### DATA EXCERPT
* * *

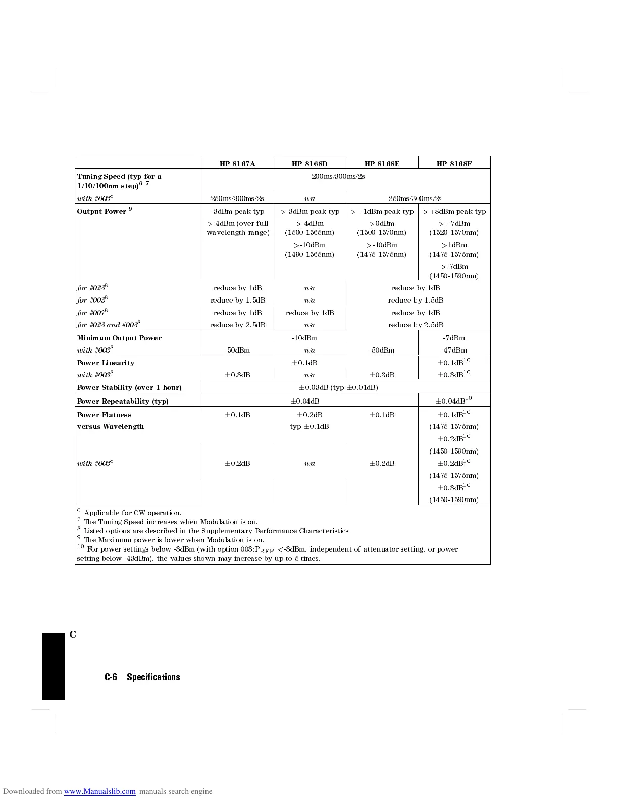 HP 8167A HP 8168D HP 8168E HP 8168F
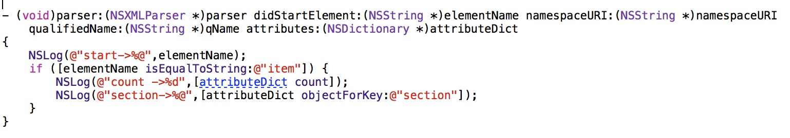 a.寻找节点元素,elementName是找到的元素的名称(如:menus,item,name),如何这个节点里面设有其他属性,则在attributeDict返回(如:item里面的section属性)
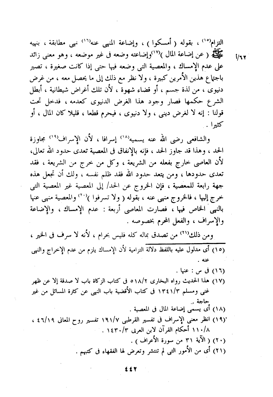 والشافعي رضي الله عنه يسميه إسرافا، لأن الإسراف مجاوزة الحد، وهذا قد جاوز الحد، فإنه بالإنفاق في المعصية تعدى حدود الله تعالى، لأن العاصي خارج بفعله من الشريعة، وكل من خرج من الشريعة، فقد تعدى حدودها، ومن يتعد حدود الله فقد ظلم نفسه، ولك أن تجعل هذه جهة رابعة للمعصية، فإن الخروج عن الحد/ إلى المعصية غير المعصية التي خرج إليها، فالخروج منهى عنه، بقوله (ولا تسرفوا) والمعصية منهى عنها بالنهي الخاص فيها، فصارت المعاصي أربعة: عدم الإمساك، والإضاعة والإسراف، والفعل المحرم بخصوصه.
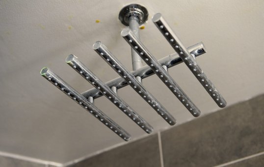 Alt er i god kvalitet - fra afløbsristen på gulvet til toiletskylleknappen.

* * *

The expected answer is an unaltered copy of the listing, images removed.

### RESULT OF THIS TASK
 HP 8167A HP 8168D HP 8168E HP 8168F
 a.寻找节点元素,elementName是找到的元素的名称(如:menus,item,name),如何这个节点里面设有其他属性,则在attributeDict返回(如:item里面的section属性)
 والشافعي رضي الله عنه يسميه إسرافا، لأن الإسراف مجاوزة الحد، وهذا قد جاوز الحد، فإنه بالإنفاق في المعصية تعدى حدود الله تعالى، لأن العاصي خارج بفعله من الشريعة، وكل من خرج من الشريعة، فقد تعدى حدودها، ومن يتعد حدود الله فقد ظلم نفسه، ولك أن تجعل هذه جهة رابعة للمعصية، فإن الخروج عن الحد/ إلى المعصية غير المعصية التي خرج إليها، فالخروج منهى عنه، بقوله (ولا تسرفوا) والمعصية منهى عنها بالنهي الخاص فيها، فصارت المعاصي أربعة: عدم الإمساك، والإضاعة والإسراف، والفعل المحرم بخصوصه.
 Alt er i god kvalitet - fra afløbsristen på gulvet til toiletskylleknappen.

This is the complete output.